5 Athletes So Bad You Could Beat Them: From Eric the Eel to Raygun
5 Athletes So Bad You Could Beat Them

It's a universal thought for any sports fan watching from the sofa: in that isolated moment of glaring error, 'I could do better than that.' Whether it's a striker skying a sitter or a tennis player serving a double fault, the fleeting belief is common. Yet sustaining performance is another matter. However, a select few athletes have left spectators genuinely mystified, performing at a level where an ordinary person might genuinely fancy their chances.

Court Calamities and Pool Struggles

The debate was reignited this week by Hajar Abdelkader, a 21-year-old Egyptian tennis player. Her performance in an International Tennis Federation (ITF) W35 first-round match in Nairobi was startling. She suffered a 6-0, 6-0 defeat to world number 1,026 Lorena Schaedel, scoring just three points in 37 minutes—none from her own racket. The display was so profoundly poor it prompted questions about her competitive experience.

This echoes the story of Eric 'the Eel' Moussambani at the 2000 Sydney Olympics. The swimmer from Equatorial Guinea had only started training eight months prior, often in crocodile-infested waters due to a lack of pools. Granted a wildcard, he laboured through his 100m freestyle heat, recording a time of 1:52.72—the slowest in Olympic history and roughly 50 seconds behind his competitors. Yet his struggle resonated, and he became a beloved underdog, carried by a supportive crowd's ovation.

Track Troubles and Dancing Disasters

On the athletics track, Nasra Ali Abukar created headlines for all the wrong reasons at the 2023 World University Games in China. Her 100m time of 21.81 seconds is considered the slowest official competitive run ever recorded, leaving her a staggering ten seconds behind the field. An investigation concluded she was 'neither a sportsperson, nor a runner', leading to the sacking of the Somali Athletics Federation chairwoman over allegations of nepotism.

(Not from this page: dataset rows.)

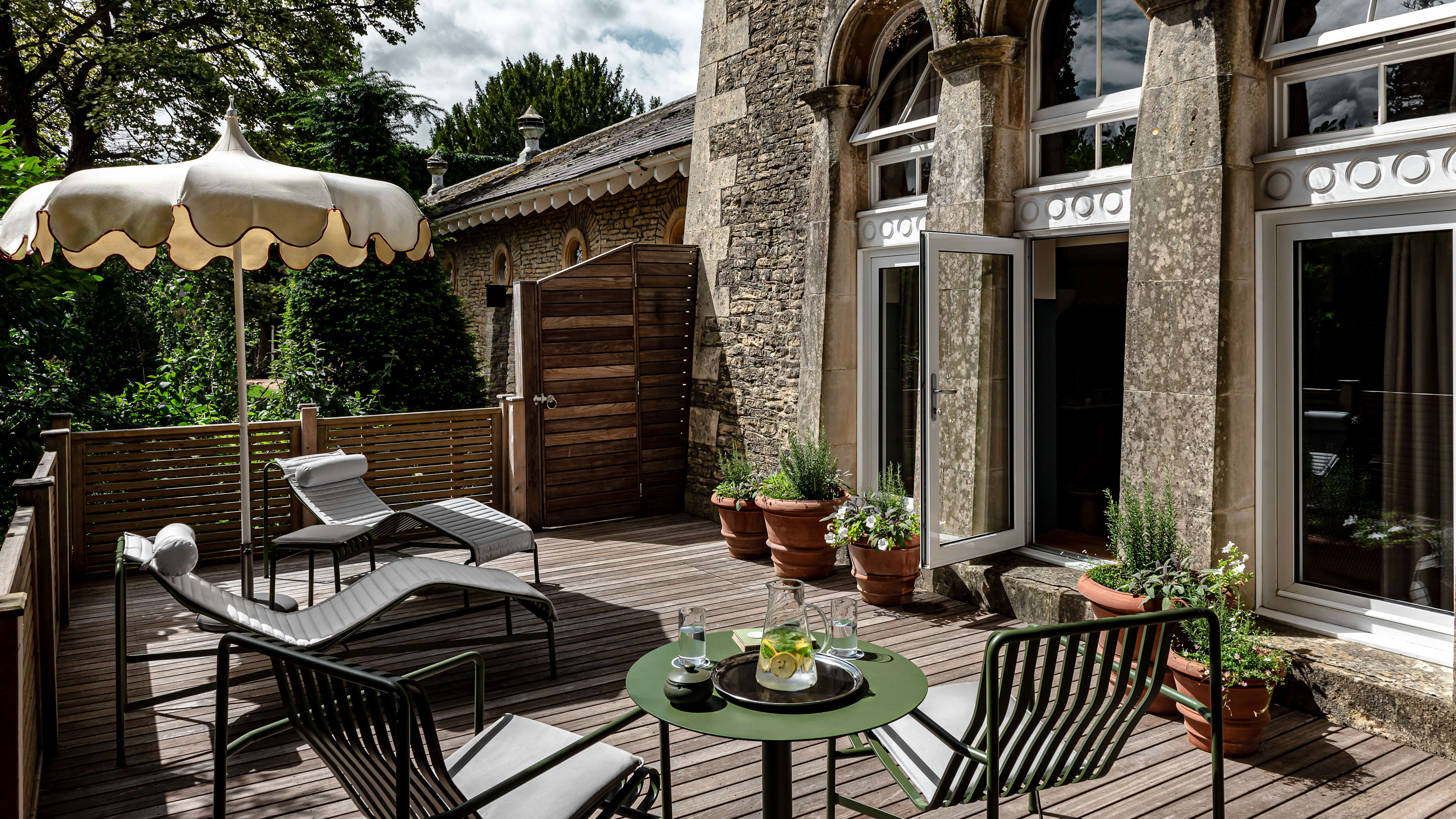 If you're travelling à deux, the St Mary Suite has a private terrace (with lake views), and a super-king-size bed you may never want to leave. And, if it’s top-tier soaking you’re after, the Cowley Manor Suite has a plum, freestanding tub big enough for two overlooking the gardens, and a large wraparound balcony. For something equally spoiling, the Waterlily Rooms, in the main house have stunning views of the gardens and lake, spacious layouts, and large bathrooms with both a bathtub and separate rainfall shower.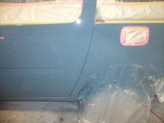 修理箇所の左リアドア、左クォーターパネル部分にご注目を。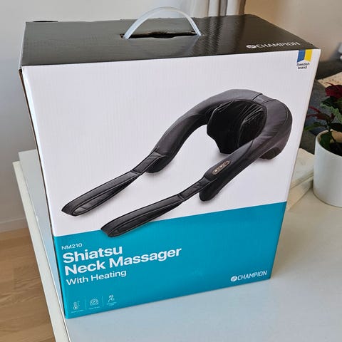 Endast använd två ggr då jag tycker den är lite väl hårdhänt för mina ömma muskler. Skönt med värmeeffekt i händerna och att du kan spänna fast den om du sitter/står.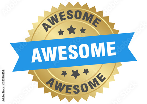 Obraz premium awesome. awesome round blue and gold label isolated on transparent background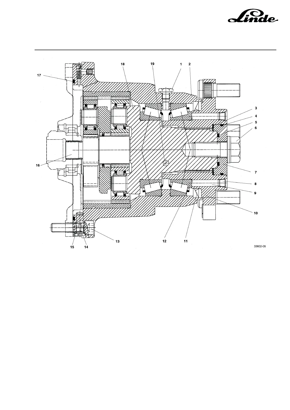 - Position the planetary hub reduction gearbox on the bearing plate with the plug (14) showing down, being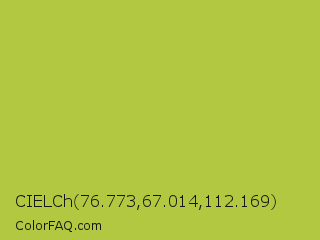 CIELCh 76.773,67.014,112.169 Color is a normal yellow color and the nearest color is Android Green #a4c639. Hex code #b2c841 and RGB value is rgb(178,200,65). In RGB color space, this color is composed of 70% red, 78% green, 25% blue, In CMYK color space, this color is composed of 11% cyan, 0% magenta, 68% yellow , 22% black , In HSL color space, this color has a hue angle of 70° , 55% saturation and 52% lightness.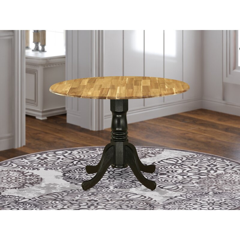 Dining Room Table – Natural Oak Round Table Top and Two Drop Leaves with Wire Brushed Black Pedestal Legs Finish

The 2024 Paris Olympics introduced the world to Australian breakdancer Raygun (Rachel Gunn). Despite qualifying legitimately, her routine—featuring moves likened to 'kangaroo hopping'—scored zero points across three battles. The performance drew widespread mockery and online abuse, with critics claiming it embarrassed Australian hip-hop. Judges acknowledged her courage, knowing she would be 'absolutely smashed' at the elite level.

A Premier League Imposter

Football folklore holds the tale of Ali Dia, perhaps the worst player in Premier League history. In 1996, Southampton manager Graeme Souness received a call from a man pretending to be football star George Weah, recommending his 'cousin' Dia. After a brief trial revealed his lack of skill, a desperate Souness still named him on the bench against Leeds. After an injury to Matt Le Tissier, Dia made a 20-minute cameo that confirmed his incompetence before being substituted. Le Tissier later joked he thought Dia had 'won a competition' to be there.

These episodes remind us that while elite sport is brutally difficult, the chasm between the best and the very worst can be astonishingly wide. They serve as curious footnotes in sporting history, where the line between professional endeavour and amateur struggle was blurred not by effort, but by a stark, undeniable lack of ability.